Это не анекдот! Вот так и стал нищий коллежский регистратор владельцем колоссального состояния, заимел богатейшую усадьбу, а маменька его пироги с изюмом уже отвергала:

– От них рыгается! Ныне-то, люди умные сказывали, есть пироги такие, в кои целый нанас запихивают, и прозываются они парижским «тиликатесом». Вот такого хочу – с нанасом!

…Было начало царствования Екатерины Великой.

Москва тех времен, еще «допожарная», была обстроена дворцами знати, в которых едва помещались оранжереи, библиотеки, картинные галереи, бронза и мрамор. Иностранцы, посетив тогдашнюю Москву, писали, что им казалось, будто русские обобрали всю Европу, чтобы иметь в каждом доме частный музей. Европейцы не раз попадали впросак от незнания барской жизни: низко кланялись дамам, облаченным в роскошные шубы, а потом выяснялось, что это служанки, а меха у них такие же, как у барынь. Опять-таки непонятно: крепостные иногда становились миллионерами, и даже такой богач, как граф Шереметев, занимал в долг миллионы у своего раба Никифора Сеземова… Вот и разберись в тогдашней московской жизни!

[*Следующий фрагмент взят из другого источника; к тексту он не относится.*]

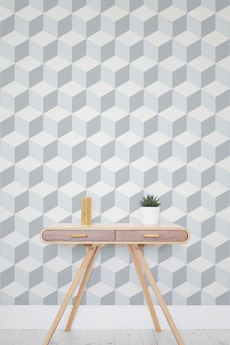 Description: A table with a plant on top of it in front of a wall with a geometric pattern on it.

Прокофий Акинфиевич родился в Сибири, в период царствования Петра Великого. Он был внуком Никиты Демидова, что основал в Туле ружейное дело, а на Урале обзавелся заводами и рудниками. Прокофий рано женился на Матрене Пастуховой, но раньше времени загнал молодуху в могилу, чтобы сожительствовать со своей комнатной девкой Татьяной Семеновой, от которой – не венчан! – тоже имел детишек. Танька-то была статью как гренадер, грудь имела возвышенную, каждую весом в полпуда, а глаза у нее, ей-ей, словно полтинники – сверкали. Бывало, как запоет она «Я милого узнаю по жилету» – так Демидов на колени перед ней падал, крича:

– Ой, убила-а! Совсем убила… Хорони меня, грешного!

Было у него от первой жены четыре сына, он их в Гамбург отправил учиться, но там они забыли русский язык, и, когда вернулись на родину, Демидов, словно в насмешку, дал на всех четырех одну захудалую деревеньку с тридцатью мужиками и велел строго-настрого на глаза ему никогда не показываться:

– Мне эдакие безъязыкие не надобны… Пшли прочь.

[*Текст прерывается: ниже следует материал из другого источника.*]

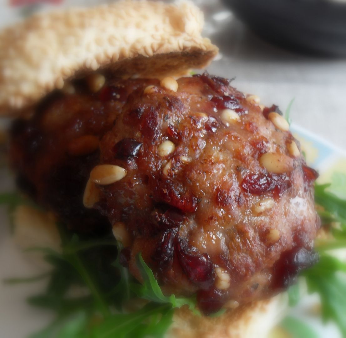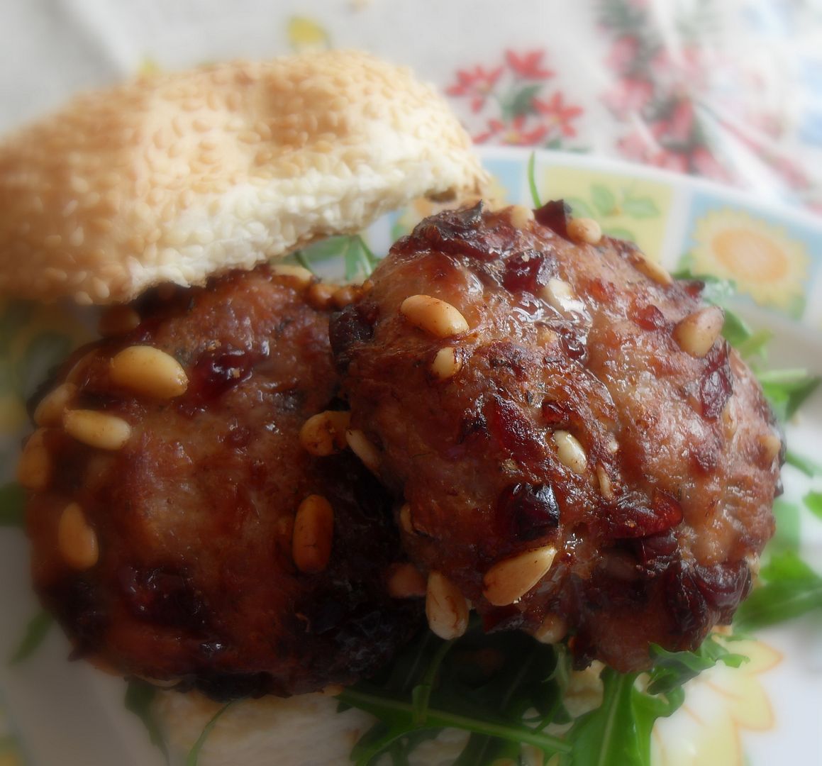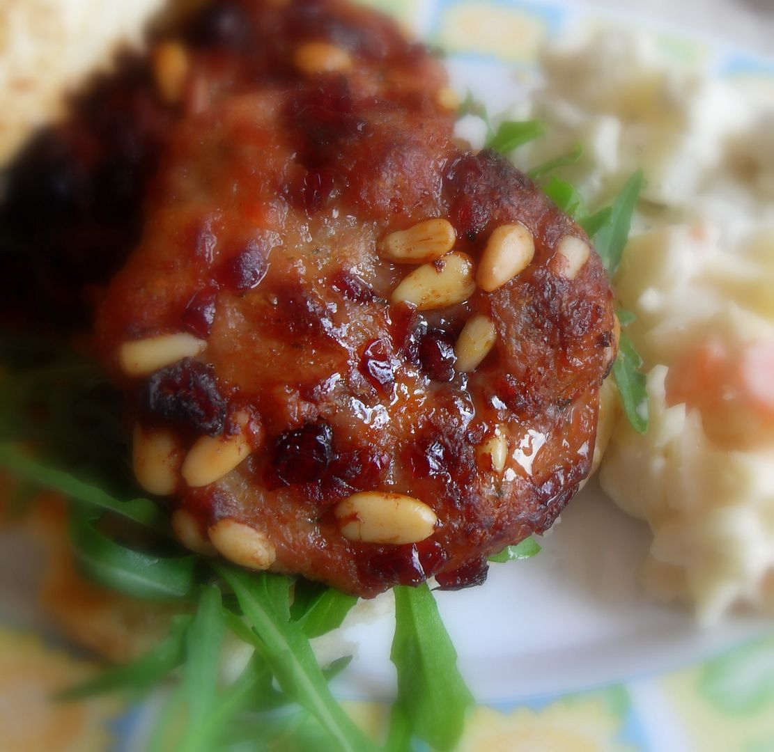 But my darlings . . . they were fabulous just as is. They were moist and succulent, with little bits of fruity sweetness, and a moreish little nuttiness from the pinenuts. I can tell that the leftovers are going to be every bit as good, perhaps on their own with a small dollop of mayonnaise??? *Oink* Oink* Come to mama!

Дочек же, слава Богу, дворяне (с приданым) мигом расхватали. А разругавшись с сыновьями, Демидов – назло им! – лучшие свои заводы на Урале распродал Савве Яковлеву Собакину, с чего и началось обогащение Яковлевых, новых Крезов в России.

– Батюшка ты мой разлюбезный, – внушала ему Татьяна, – не пора ль тебе меня, сиротинушку, под венец утащить?

– Цыц и перецыц, – отвечал Демидов. – Успеется…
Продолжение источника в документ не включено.